TED-Multilingual-Parallel-Corpus
TED-Multilingual-Parallel-Corpus copied to clipboard
why not english copus
Dear Sir Why not you prepare a english-foreign language corpus, i think this is the most common corpus for developer.
Regards
i also missed the english corpus. however it is easy to download any talk transcript in json format: wget --no-clobber --no-check-certificate https://www.ted.com/talks/2695/transcript.json?language=en
I agree with @ttjslbz . @405cddd83a828cec , How can I know if the transcript is aligned to other transcripts?
I am reopening the project and going to update the corpus soon.
How did you align the current corpus? Most of the alignment tools are based dictionaries or translations:
- https://github.com/danielvarga/hunalign
- https://github.com/rsennrich/bleualign or are complex like https://github.com/anoidgit/yasa More promising is a multilingual embedding, but this seems to be very hardware intensive: https://github.com/facebookresearch/LASER/tree/master/tasks/bucc
although the timestamps do not 100% match, you can use the timestamp to align the texts:
i did that for the english-hungarian to reconstruct the aligned sentences, and works pretty well for any language. there is no need for dictionaries or other tools.
here is an example: {"time":676000,"text":"A tuberkulózis előfordulási aránya Pine Ridge-ben"}, {"time":676814,"text":"The tuberculosis rate on Pine Ridge"}
and here are some of the search results of 'tuberculosis' from my index:
TEXTS:
- But let's stick first to TUBERCULOSIS. -> De maradjunk a tbc-nél. (bart weetjens how i taught rats to sniff out land mines.txt)
- Let's consider the big three: HIV, malaria, TUBERCULOSIS. -> Nézzük csak meg a nagy hármast: HIV, malária, tuberkulózis. (mark kendall demo a needle free vaccine patch that s safer and way cheaper.txt)
- This is more than HIV/AIDS, malaria and TUBERCULOSIS combined. -> Ez több, mint a HIV/AIDS, malária és tuberkolózis együtt. (josette sheeran ending hunger now.txt)
- She herself was suffering from HIV; she was suffering from TUBERCULOSIS. -> A lány szenvedett a HIV-től, szenvedett a tuberkulózistól. (gordon brown.txt)
- I began documenting the close connection between HIV/AIDS and TUBERCULOSIS. -> Elkezdtem dokumentálni a szoros kapcsolatot HIV/AIDS és tüdőbaj fertőzés között. (james nachtwey s searing pictures of war.txt)
- It would give us an unfair advantage against battling HIV/AIDS, TUBERCULOSIS and other epidemics. -> Ez hallatlanul nagy előnyhöz juttatna minket a HIV/AIDS, a tuberkulózis és más járványok elleni harcban. (andreas raptopoulos no roads there s a drone for that.txt)
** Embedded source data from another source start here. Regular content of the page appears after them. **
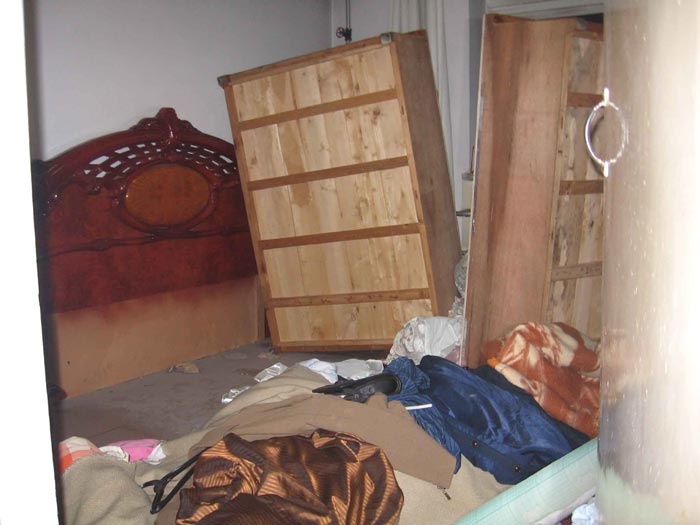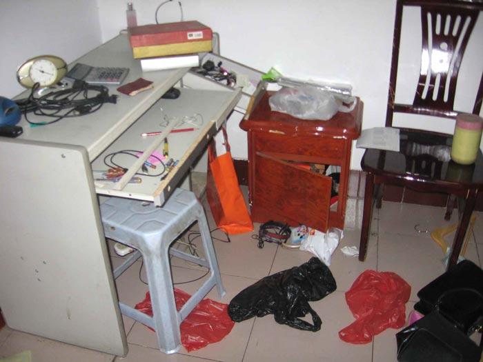 在没有任何合法手续、没有家属在场的情况下,路北国保人员非法抄家,搞得满屋狼藉、连床都被掀翻,抢走家中所有贵重物品,抢走何家大女儿何丹借来的生意款六十多万元(有证人证言可以说明款项的来源)、抢走何丹用于进货的面包车一辆,同时也将二女婿孙锋利停在厂内的轿车一辆抢走。
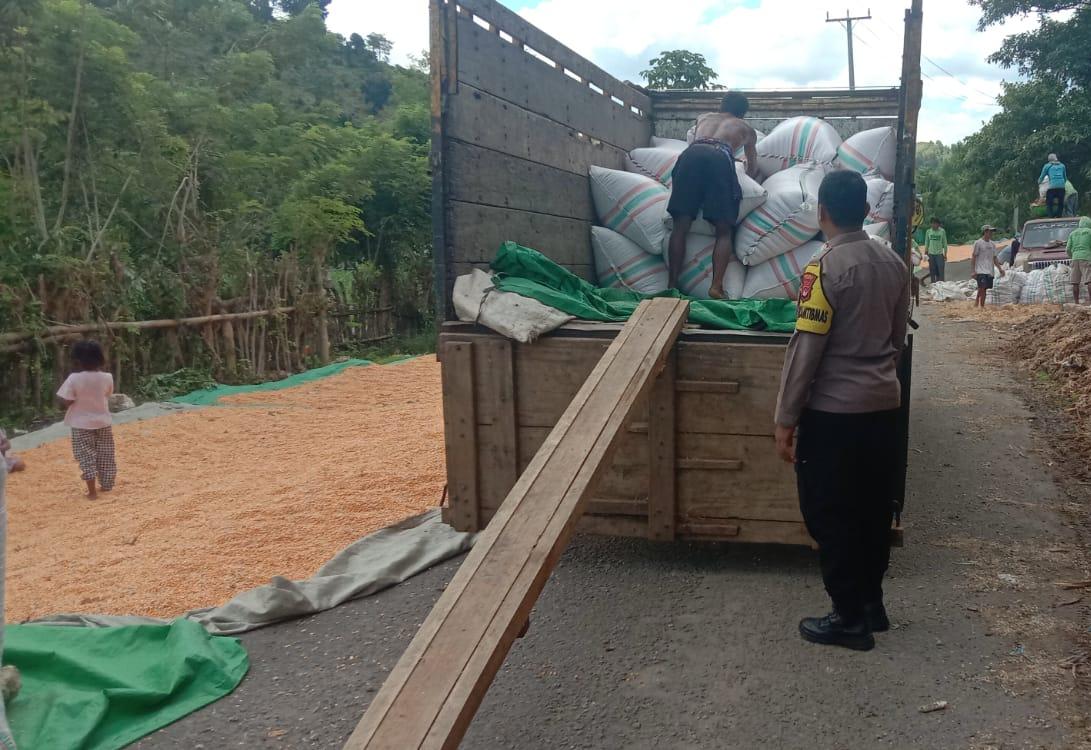 Dalam rangka mendukung Program Ketahanan Pangan Nasional menuju Indonesia Emas, Bhabinkamtibmas Desa Bara Polsek Woja, BRIPKA Supriadi, melaksanakan kegiatan pemantauan penjemuran sekaligus pengangkutan hasil panen jagung milik warga binaan pada Sabtu (18/04/2026) pukul 11.30 WITA di Dusun Fo’o Mpongi, Desa Bara, Kecamatan Woja, Kabupaten Dompu.
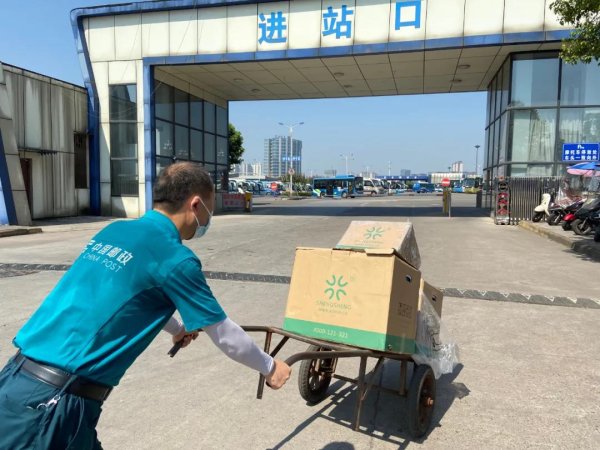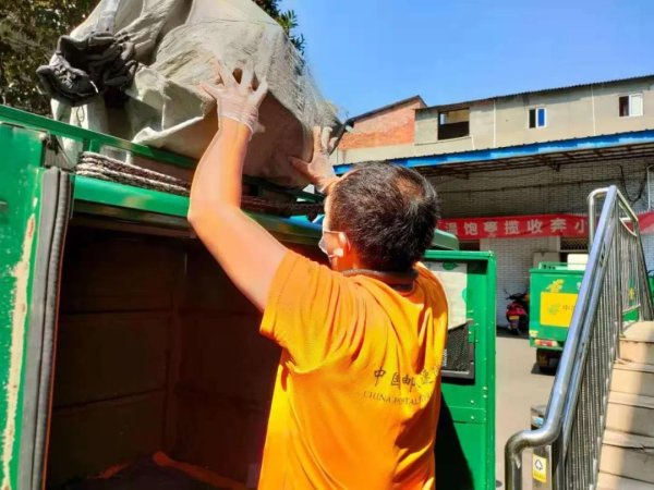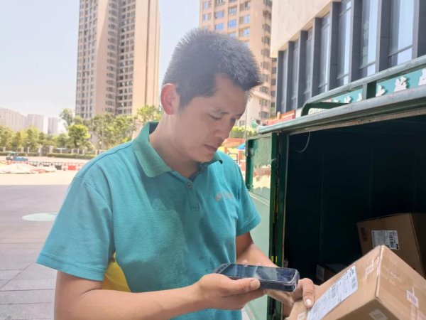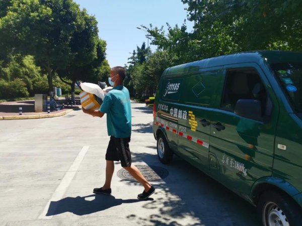 一大早,气温便陡然升高。投递员谢智抓紧时间装车,赶紧出发。
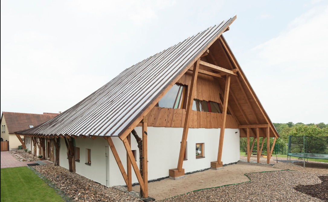 幼兒園被一個充滿了水果樹的花園所包圍,它是一層的方形建筑,屋頂是與眾不同的建筑和識別元素。北側有古典的坡頂,傾斜35度;南側緩慢朝一面墻下斜。
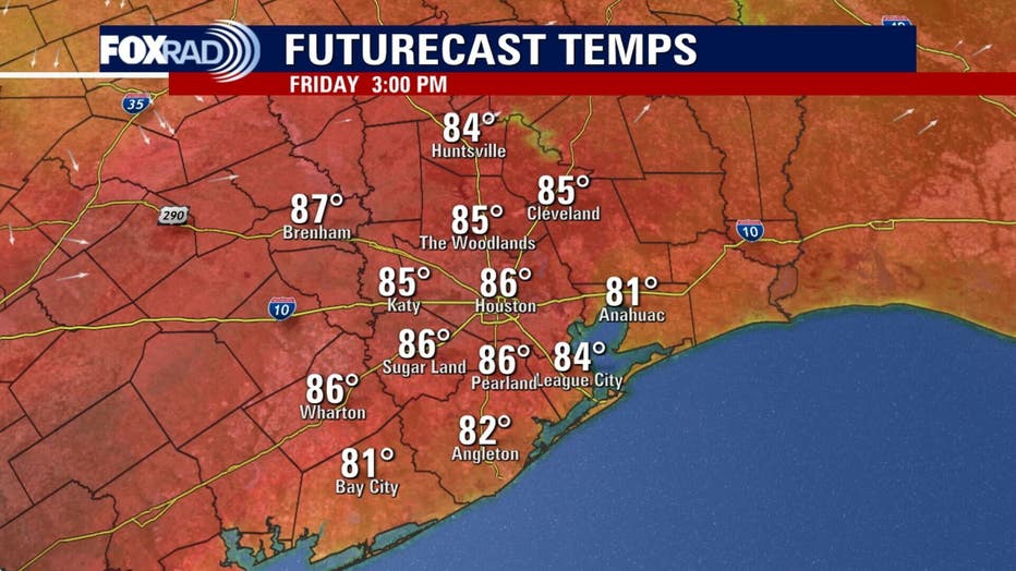 HOUSTON - Today will be mostly sunny and very warm with temps climbing into the upper 80s under mostly sunny skies.
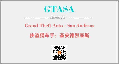 上述内容是“Grand Theft Auto : San Andreas”作为“GTASA”的缩写,解释为“侠盗猎车手:圣安德烈亚斯”时的信息,以及英文缩略词GTASA所代表的英文单词,其对应的中文拼音、详细解释以及在英文中的流行度和相关分类、应用领域及应用示例等。
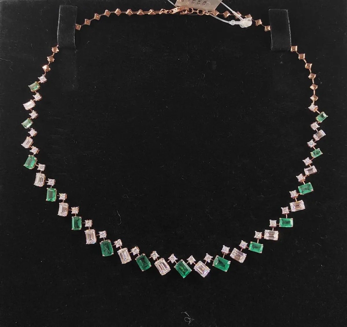 A rose‑gold necklace featuring alternating emerald‑cut green stones and brilliant square diamonds that sparkle with elegant contrast.
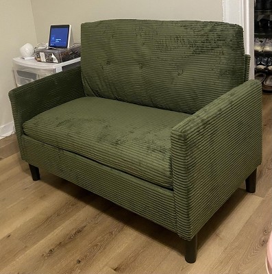 50" Loveseat Sofa, Green Corduroy Small Couch for Small Spaces Bedroom, Comfy Mini Love Seat with Deep Seat, Tool-Free Assembly
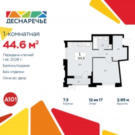 Продается 1-комн. квартира в ЖК "Деснаречье" на 7 этаже. Квартира без отделки, новый владелец может сделать ремонт по индивидуальному дизайн-проекту. Общая площадь: 44.8 кв.м., жилая: 12.7 кв.м., площадь просторной кухни-столовой: 16.9 кв.м. Квартира угловая, идеально подойдет...
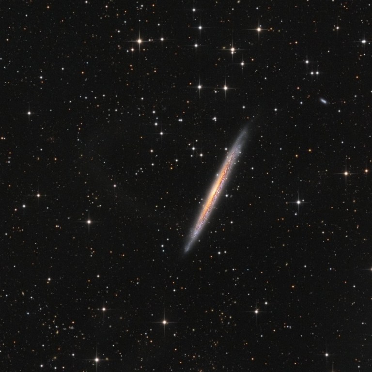 Spiral galaxies have an interesting property: They’re flat. When you see them face-on, you can clearly see their spiral structure. But if they happen to be oriented edge-on to us, they can look nearly as thin as a knife’s edge. NGC 5907 is a great example of that. Located roughly 40 million light years away in the constellation of Draco, it is very nearly sideways with respect to us, and so thin it was given the nickname “The Splinter Galaxy”. NGC 5907 also has a very faint and difficult to image tidal stream – a loop of stars that surround the galaxy. Astronomers theorize that NGC 5907 was formed about 8 billion years ago from the merger of dwarf galaxies. The tidal loop is a remnant of that long ago merger.

- So it was the spread of TUBERCULOSIS and the spread of cholera that I was responsible for inhibiting. -> Így a tuberkulózis és a kolera terjedésének megállításáért voltam felelős. (gary slutkin let s treat violence like a contagious disease.txt)
- The TUBERCULOSIS rate on Pine Ridge is approximately eight times higher than the US national average. -> A tuberkulózis előfordulási aránya Pine Ridge-ben nagyjából nyolcszor magasabb, mint az amerikai nemzeti átlag. (aaron huey.txt)
- He was haunted by the loss of his mother and his wife, who both died of TUBERCULOSIS at the age of 24. -> Az édesanyja és a felesége halála kísértette, akik mindketten tuberkulózisban haltak meg, 24 évesen. (scott peeples why should you read edgar allan poe.txt)
I agree with @ttjslbz . @405cddd83a828cec , How can I know if the transcript is aligned to other transcripts?
the transcript is meant to be aligned to the speaker's voice. my experience is that the english-hungarian is pretty much aligned. i suppose the other ones also... it is easy to verify.
I am reopening the project and going to update the corpus soon.
Is there any update to this that I am failing to find?